**Assignment**
Where a picture appears, skip it and copy everything else in the listing exactly.

**Recorded information**
-*-

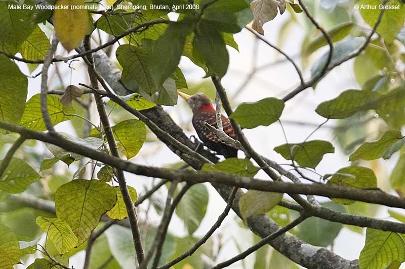 Shemgang, Bhutan The Bay Woodpecker is distributed from Nepal to south China and southwards towards south Vietnam and the Malaysian Peninsula. It is found in mature, broadleaved forest with dense undergrowth and often with bamboo. |
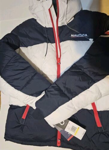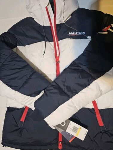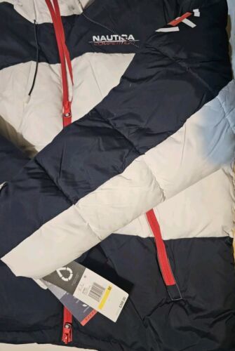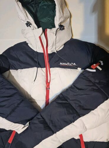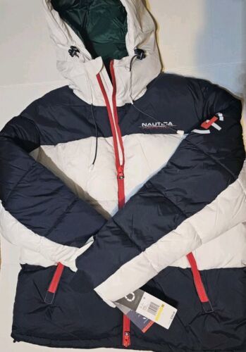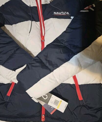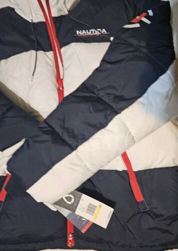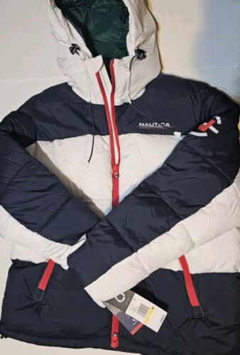 This Nautica jacket is a vintage gem with a striped pattern and colorblock design. The hoodie style jacket is made with a rayon fabric type and features a zip closure. It is perfect for various occasions such as travel, parties, casual outings, formal events, and workwear. The jacket is also reversible, making it versatile and perfect for any activity or season.
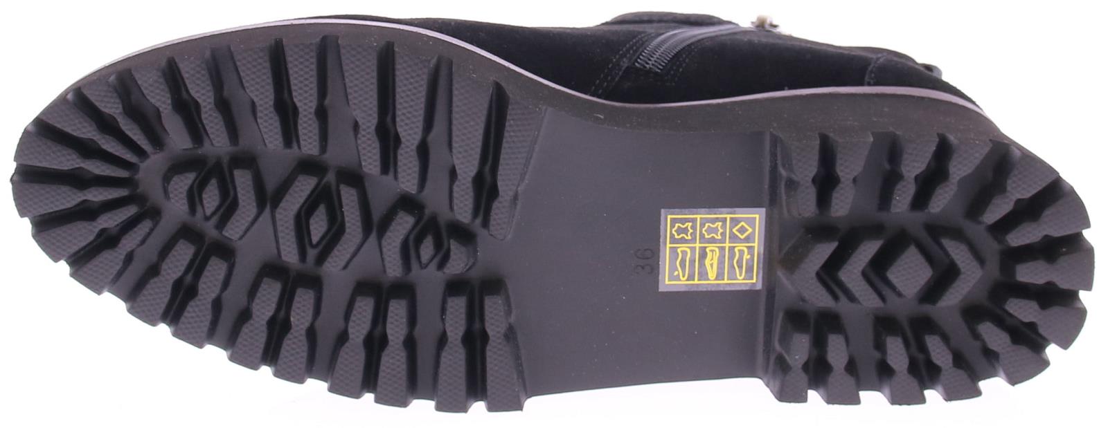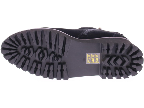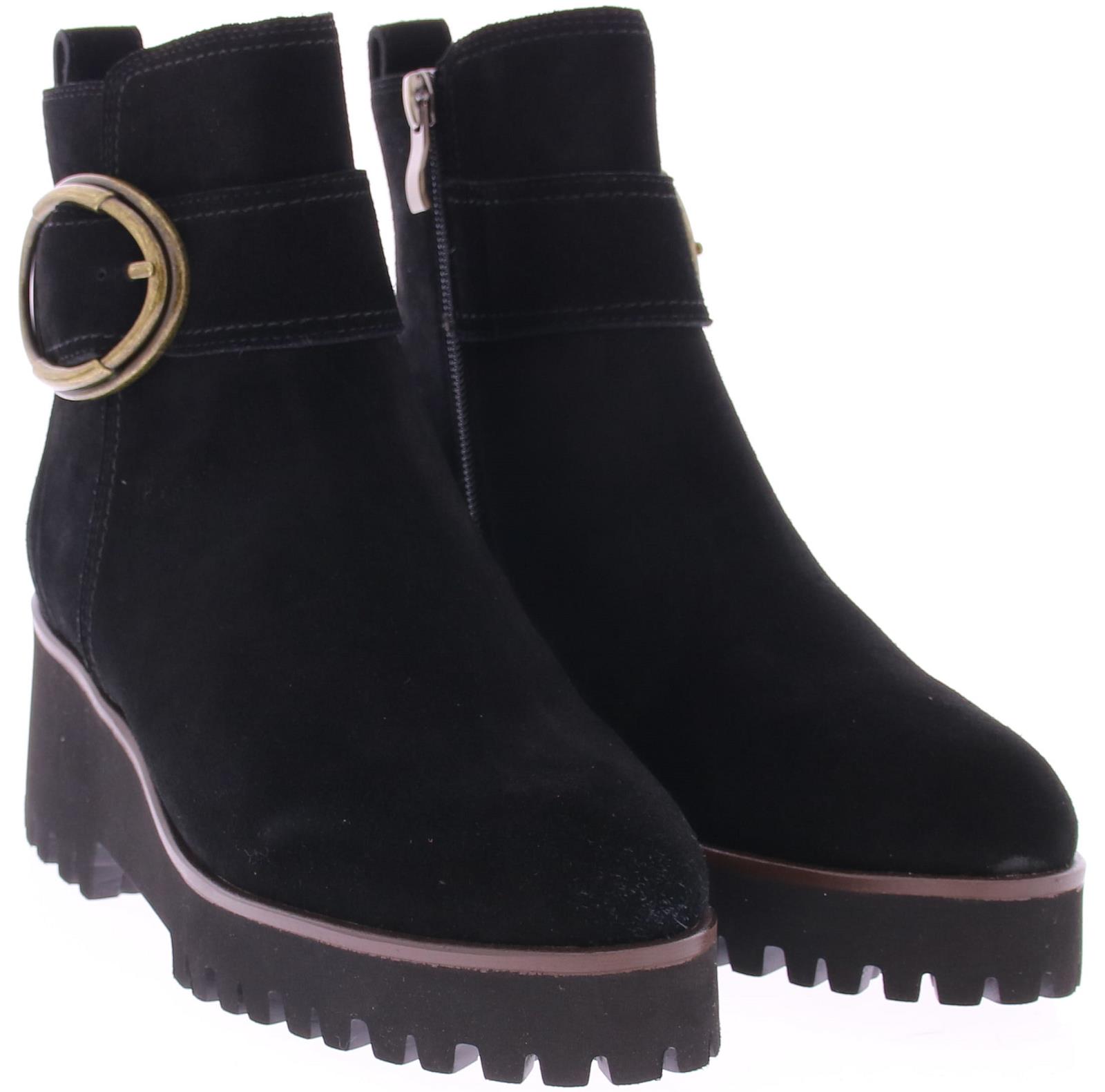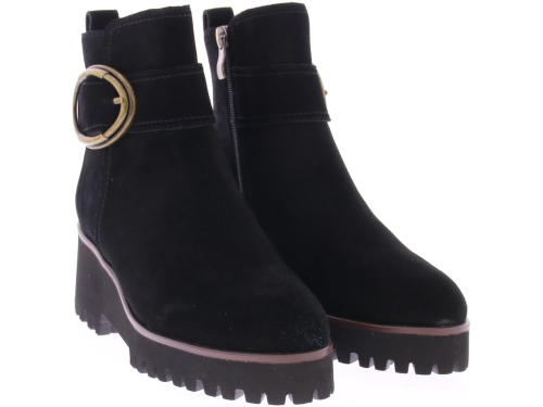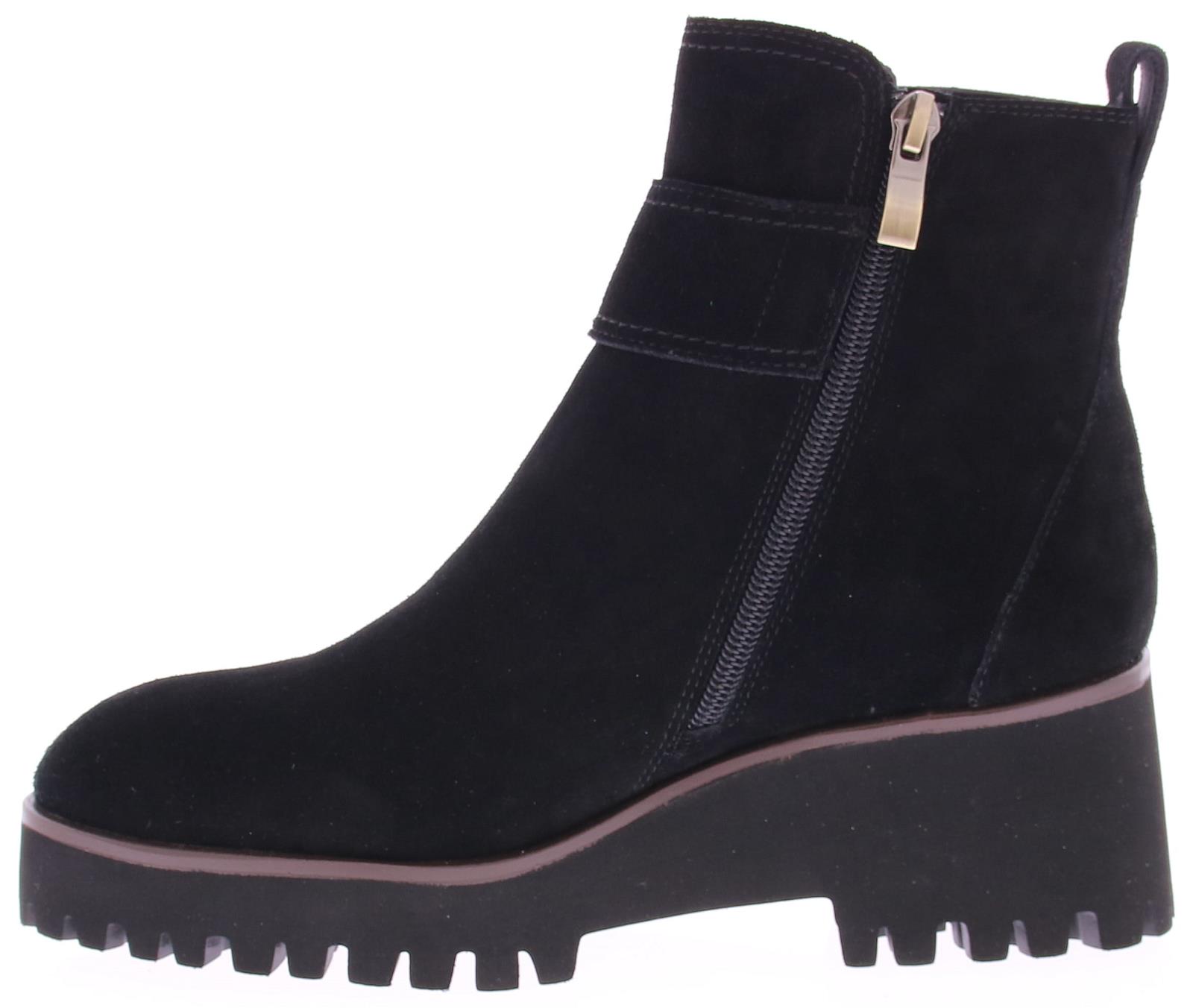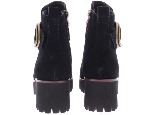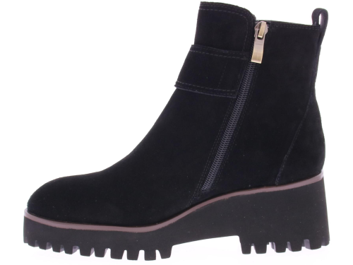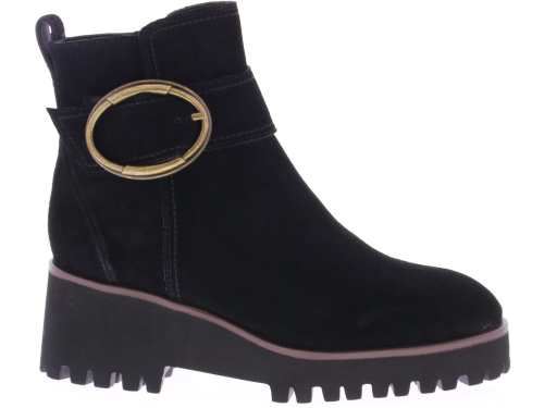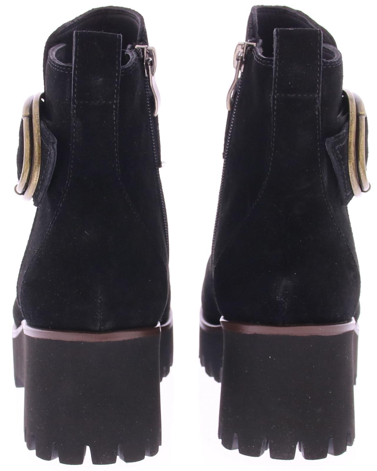 Zwart suede dames enkellaars van Di Lauro. Dit model heeft een een sleehak van 5 cm hoog en een grote goudkleurige gesp. De zool heeft een wat groffer profiel

-*-

**Response below**
 Shemgang, Bhutan The Bay Woodpecker is distributed from Nepal to south China and southwards towards south Vietnam and the Malaysian Peninsula. It is found in mature, broadleaved forest with dense undergrowth and often with bamboo. |
 This Nautica jacket is a vintage gem with a striped pattern and colorblock design. The hoodie style jacket is made with a rayon fabric type and features a zip closure. It is perfect for various occasions such as travel, parties, casual outings, formal events, and workwear. The jacket is also reversible, making it versatile and perfect for any activity or season.
 Zwart suede dames enkellaars van Di Lauro. Dit model heeft een een sleehak van 5 cm hoog en een grote goudkleurige gesp. De zool heeft een wat groffer profiel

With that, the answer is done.